In your case the curl call could be replaced by the httpRequest step.
First let's replace the curl call and saves the result in a componentTree.json file:
httpRequest(
url: "${Sonar_URL}/api/measures/component_tree?ps=100&s=qualifier,name&component=sonarqube&metricKeys=ncloc,bugs,vulnerabilities,code_smells,security_hotspots,coverage,duplicated_lines_density&strategy=children",
authorization: 'id-of-credentials-which-was-used-to-create-the-apiToken-variable',
outputFile: 'componentTree.json'
)
You want to format the JSON data in a human-readable format, so let's use the readJSON and writeJSON steps:
def json = readJSON(file: 'componentTree.json')
writeJSON(json: json, file: 'report1.txt', pretty: 4)
Now the report1.txt file contains JSON formatted with indent 4.

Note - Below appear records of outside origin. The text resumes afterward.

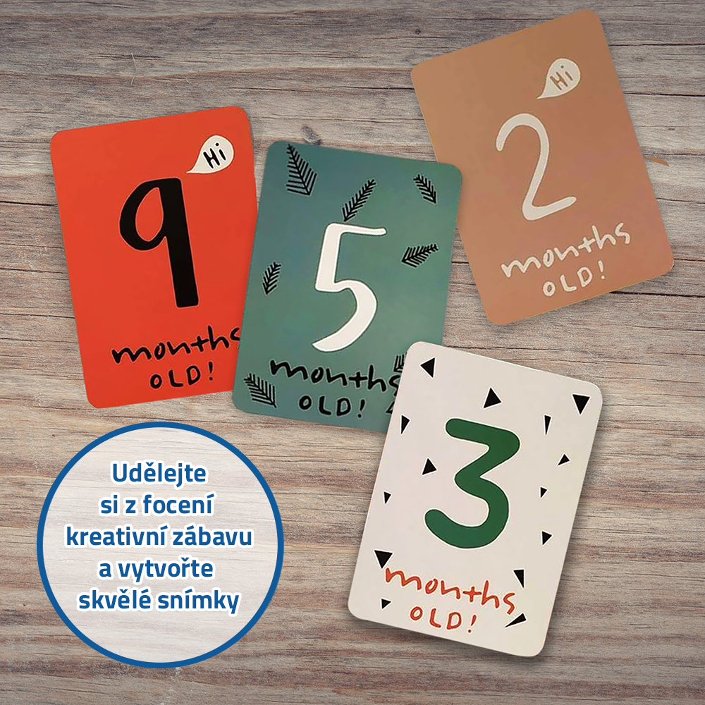 Zaznamenat krásné momenty z prvních měsíců vašeho miminka nebylo nikdy snažší. Milníkové kartičky stačí položit vedle děťátka a vyfotit. Zachytíte tak všechny krásné chvilky a napořád si budete pamatovat, jak rychle vám miminko rostlo a vyvýjelo se. Balení obsahuje 20 kartiček s hravým a barevným designem, který změní každý váš snímek v kreativní focení.
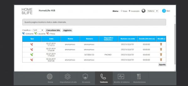 Tra le opzioni interessanti, attraverso il pannello di controllo, vi è quella di monitorare la cronologia delle chiamate per sapere chi ci ha cercato e quali numeri sono stati chiamati.
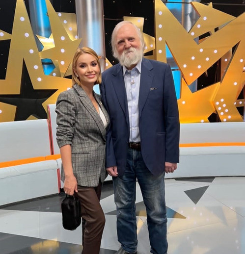 «Вчера была на съемках передачи «Звезды сошлись» на НТВ, которую вы увидите в воскресенье вечером. Обязательно посмотрите. На фото со мной Александр Бялко — российский журналист, литератор, игрок телеклуба «Что? Где? Когда?». По образованию он физик-ядерщик, кандидат физико-математических наук.
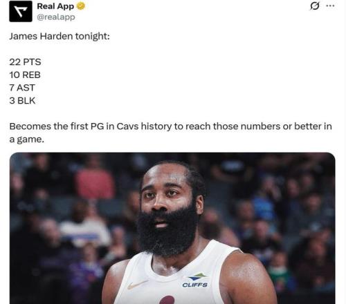 值得一提的是,哈登在此役还创下了神迹。数据显示,哈登是骑士队史首位单场砍下至少22分10篮板7助攻3盖帽的控卫球员。
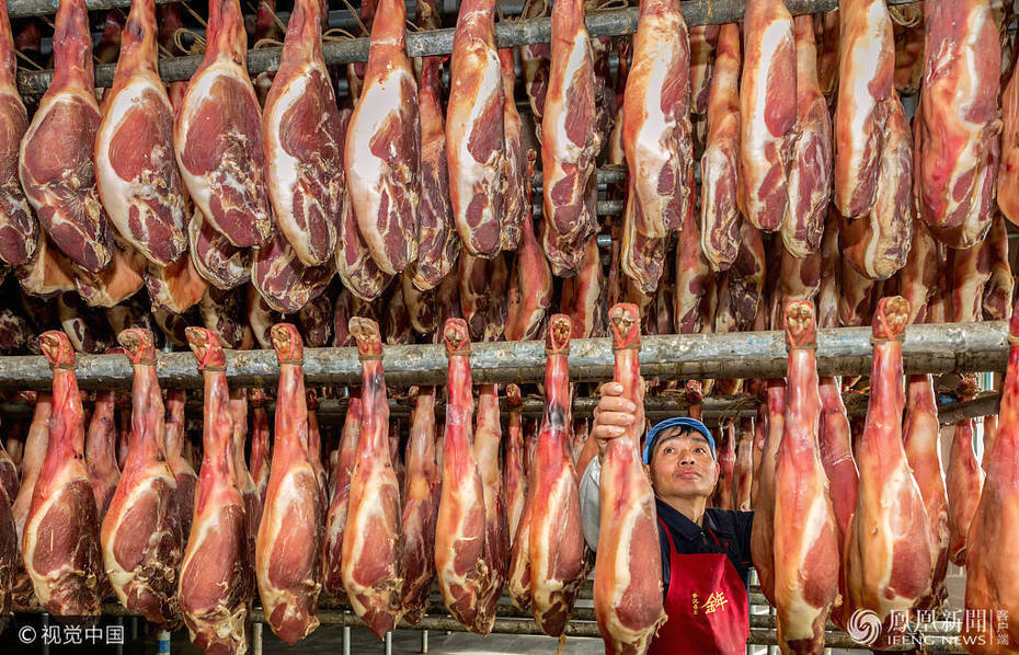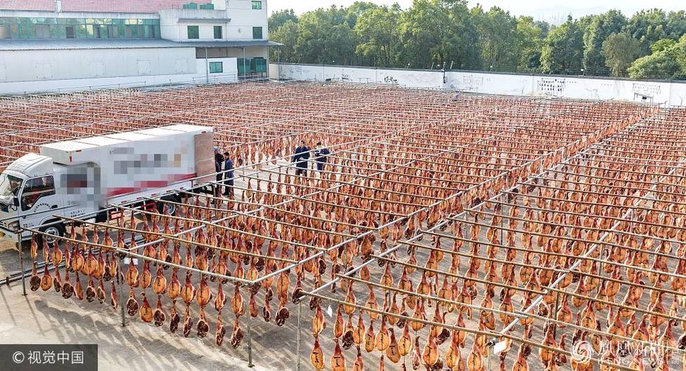 震撼!浙江金华万只琵琶火腿齐晾晒

The componentTree.json file is written and read only once, so let's decrease the number of the IO operations:
def response = httpRequest(
url: "${Sonar_URL}/api/measures/component_tree?ps=100&s=qualifier,name&component=sonarqube&metricKeys=ncloc,bugs,vulnerabilities,code_smells,security_hotspots,coverage,duplicated_lines_density&strategy=children",
authorization: 'id-of-credentials-which-was-used-to-create-the-apiToken-variable'
)
def json = readJSON(text: response.content)
writeJSON(json: json, file: 'report1.txt', pretty: 4)
About the warning:
Warning: A secret was passed to "sh" using Groovy String interpolation, which is insecure. Affected argument(s) used the following variable(s): [apiToken]
Secrets never should be interpolated because they may contain special characters which could be interpreted. Example:
my secret: My' https://example.org; cat /etc/passwd; echo \
command: curl -u '${password}' https://private.server/path/file.txt
After the interpolation the following command is called:
curl -u 'My' https://example.org; cat /etc/passwd; echo \' https://private.server/path/file.txt
There are two options to fix it:
if apiToken is an environment variable:
sh "curl -s -u \$apiToken: '${Sonar_URL}/api/measures/component..."
if apiToken is a Groovy variable:
withEnv(["CREDENTIALS=${apiToken}"]) {
sh "curl -s -u \$CREDENTIALS: '${Sonar_URL}/api/measures/component..."
}
In both cases the dollar sign ($) is escaped before the credentials which means that shell script will resolve it (it will be taken from environment variables).